The integration of these physically meaningful features significantly enhances the robustness of the classification framework, particularly in addressing the limitations of single-source data. Frequent rainy and cloudy weather in tropical regions causes data gaps in optical images, but the all-weather observation capability of Sentinel-1 SAR data can overcome this limitation. Specifically, the sensitivity of its polarimetric features to the “thick trunk and sparse canopy” structure of coconut palms, combined with the physiological features captured by Sentinel-2 optical data, forms dual “structural–physiological” constraints. This effectively alleviates the problem of spectral confusion between coconut palms and evergreen vegetation. Notably, Figure 5 reinforces the irreplaceable role of textural features in this complementarity: via its UAV ground truth (Figure 5a–c) and quantitative texture data (Figure 5d), the comparison of coconut palms, betel nut palms, and rubber trees shows that NIR_asm and NIR_contrast directly reflect canopy structural differences (e.g., coconut palms’ sparse pinnate canopy vs. betel nut palms’ dense fine foliage). These texture metrics fill the gap where spectral indices or SAR parameters fail to distinguish morphologically similar species, further reducing misclassification caused by overlapping signals [10]. In the specific context of Scheme 3 (Texture and Topographic Features), classification performance was largely driven by texture variables. Given the relatively flat terrain of the study area, topographic parameters served mainly as auxiliary environmental constraints, whereas texture features provided critical micro-scale structural information independent of spectral reflectance. This observation is consistent with the general principle of advantage complementarity in multi-source remote sensing, whereby each data type contributes distinct and non-redundant information in complex vegetation environments.

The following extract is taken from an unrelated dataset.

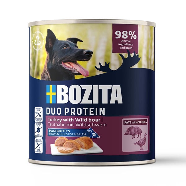 Bozita Paté für Hunde bietet eine sorgfältig ausgewählte Zusammensetzung aus Rind, Ente, Pute und Wildschwein. Mit einem hohen Anteil an tierischen Zutaten und Brühe von 98 % wird deinem Hund eine schmackhafte und nahrhafte Mahlzeit geboten. Die Rezeptur ist getreidefrei und ohne Zuckerzusatz, was sie besonders geeignet für Hunde mit empfindlichem Magen macht.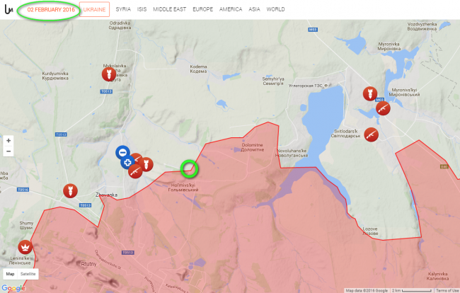 Зеленым кругом отмечено место на карте сайта liveuamap.com

Moreover, this study focuses on the biological characteristics of coconut palms through feature selection, making the synergistic effect more species-specific.
Comparisons with existing state-of-the-art studies further clarify the tangible improvements offered by this framework. Previous large-scale coconut mapping efforts, such as the global map produced by Descals et al. [17], predominantly relied on deep learning techniques applied to high-resolution satellite imagery. While their approach excels in identifying visual patterns of coconut crowns in cloud-free mosaics, it remains susceptible to the persistent cloud cover typical of tropical monsoon regions and lacks sensitivity to internal physiological traits. In contrast, our proposed framework integrates active microwave sensing (SAR) and biochemical vegetation indices (CWI, GCI), which operate independently of visual spectral bands. By incorporating SAR data that penetrates cloud cover and spectral indices sensitive to canopy water and chlorophyll content, our method demonstrates superior robustness in distinguishing coconut palms from morphologically similar species like betel nut trees, even under conditions where visual RGB features might be ambiguous or unavailable. This suggests that incorporating multi-source “structural–physiological” features offers a more reliable pathway for species-specific monitoring in complex tropical environments than relying on optical geometric features alone.

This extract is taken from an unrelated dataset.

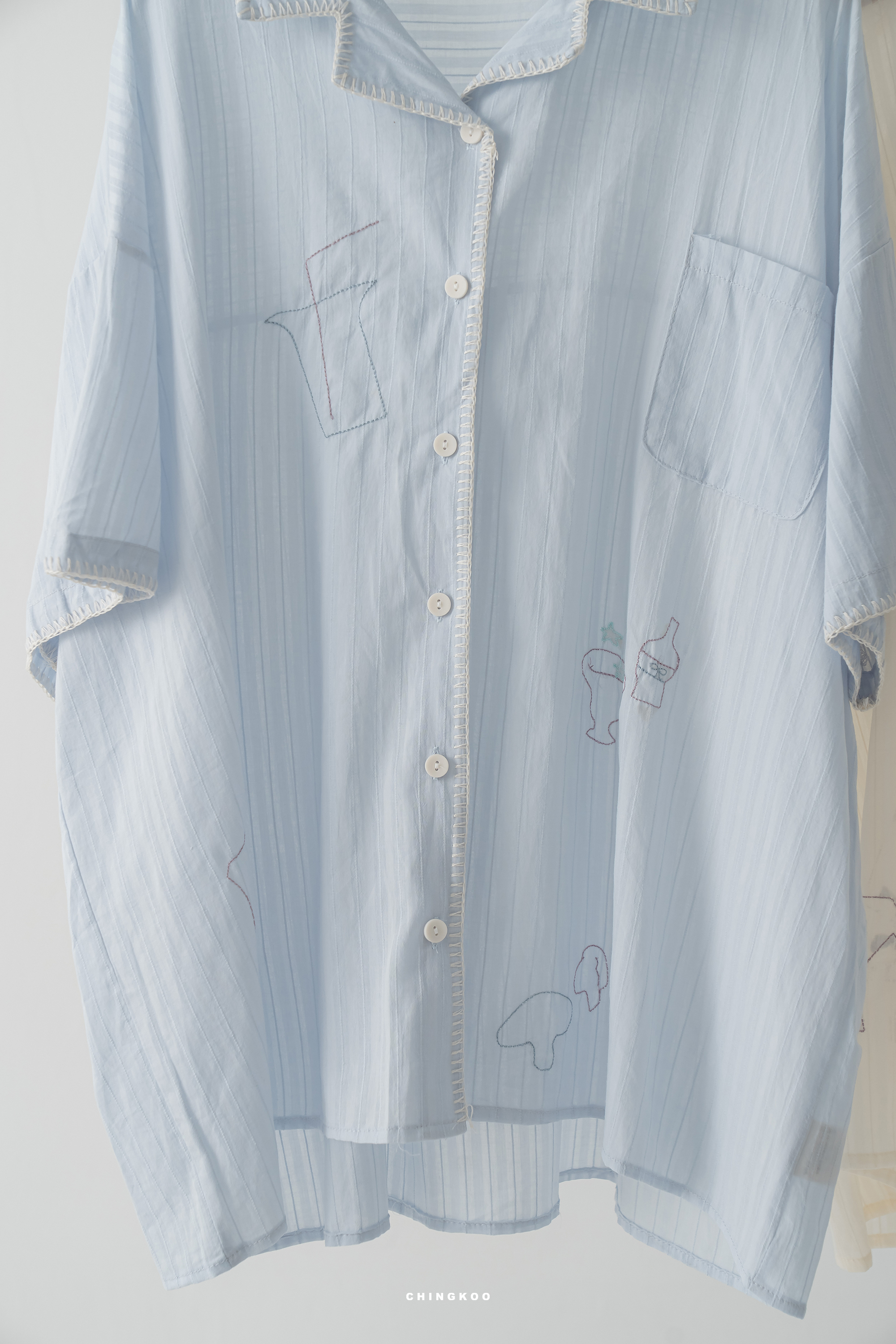 - 造型車線刺繡,撞色滾邊

4.3. Model Robustness and Future Perspectives

The proposed framework effectively distinguishes coconut palms from morphologically similar vegetation such as betel nut and rubber trees (Figure 5), demonstrating strong species-level discriminative capability. The robustness of the model is substantiated by the high consistency between the regional-scale validation (OA = 92.83%) and the independent fine-scale UAV validation (OA = 90.17%). Despite this overall stability, uncertainty varies slightly with landscape complexity: misclassifications were more frequent in fragmented, low-density planting areas compared to contiguous coastal plantations, primarily due to the mixed-pixel effect at 10 m resolution.
This study focused on single-period imagery to ensure data consistency and to evaluate the feasibility of multi-source feature fusion under typical tropical conditions. In future research, the framework could be extended to incorporate time-series observations, enabling dynamic monitoring of seasonal canopy variations. Furthermore, integrating hyperspectral or biochemical indicators such as red-edge parameters may further enhance the separability of related palm species. Overall, these potential extensions would broaden the applicability of the proposed approach to long-term and large-scale tropical vegetation monitoring.

5. Conclusions

This study proposes and validates an intelligent feature selection framework driven by multi-source remote sensing fusion and RF based on GEE, which is applied to the regional-scale extraction of coconut trees in Wenchang City. The main conclusions are as follows:
Multi-source data synergy significantly improves classification accuracy: By fusing Sentinel-1 SAR, Sentinel-2 optical, SRTM topographic, and texture features, a 42-dimensional multi-source feature set was constructed, achieving an OA of 92.51% (Kappa = 0.8928) and thus outperforming any single-data-source scenario.
Feature selection balances efficiency and accuracy: Based on RF OOB error analysis, a 15-dimensional optimal feature subset was screened out. While reducing the feature dimension by 64%, the OA was increased to 92.83% (Kappa = 0.8975). This confirms that feature selection can effectively compress the feature space and improve model generalization ability.
The mechanism of key features is clear: CWI, GCI, and σ V V are the core features for coconut tree identification, contributing over 40% cumulatively. They distinguish coconut trees from other ground objects through physiological characteristics and structural features, respectively.
Dual-scale validation confirms method reliability: The regional-scale validation achieves an OA of 92.83%, while the independent UAV validation reaches an OA of 90.17% (Kappa = 0.8617). Errors are mainly caused by confusion with other Arecaceae plants and occlusion by buildings, indicating that the method is suitable for regional-scale coconut palm resource surveys and has the potential to be extended to other tropical regions.
This study provides an efficient technical solution for the dynamic monitoring of coconut palm resources in tropical regions. In the future, the extraction accuracy in complex scenarios can be further improved by integrating time-series data and deep learning models.

Author Contributions

Conceptualization, T.W. and N.W.; methodology, T.W. and N.W.; validation, T.W., N.W., C.L. and W.B.; formal analysis, T.W.; investigation, N.W., C.L. and W.B.; resources, X.Y. and X.-M.L.; data curation, T.W.; writing—original draft preparation, T.W.; writing—review and editing, N.W. and X.-M.L.; visualization, T.W.; supervision, X.Y. and X.-M.L.; All authors have read and agreed to the published version of the manuscript.

Funding

This research was funded in part by the Key Research and Development Project of Hainan Province (ZDYF2024XDNY257), and Hainan Province Science and Technology Special Fund (ATIC-2023010004).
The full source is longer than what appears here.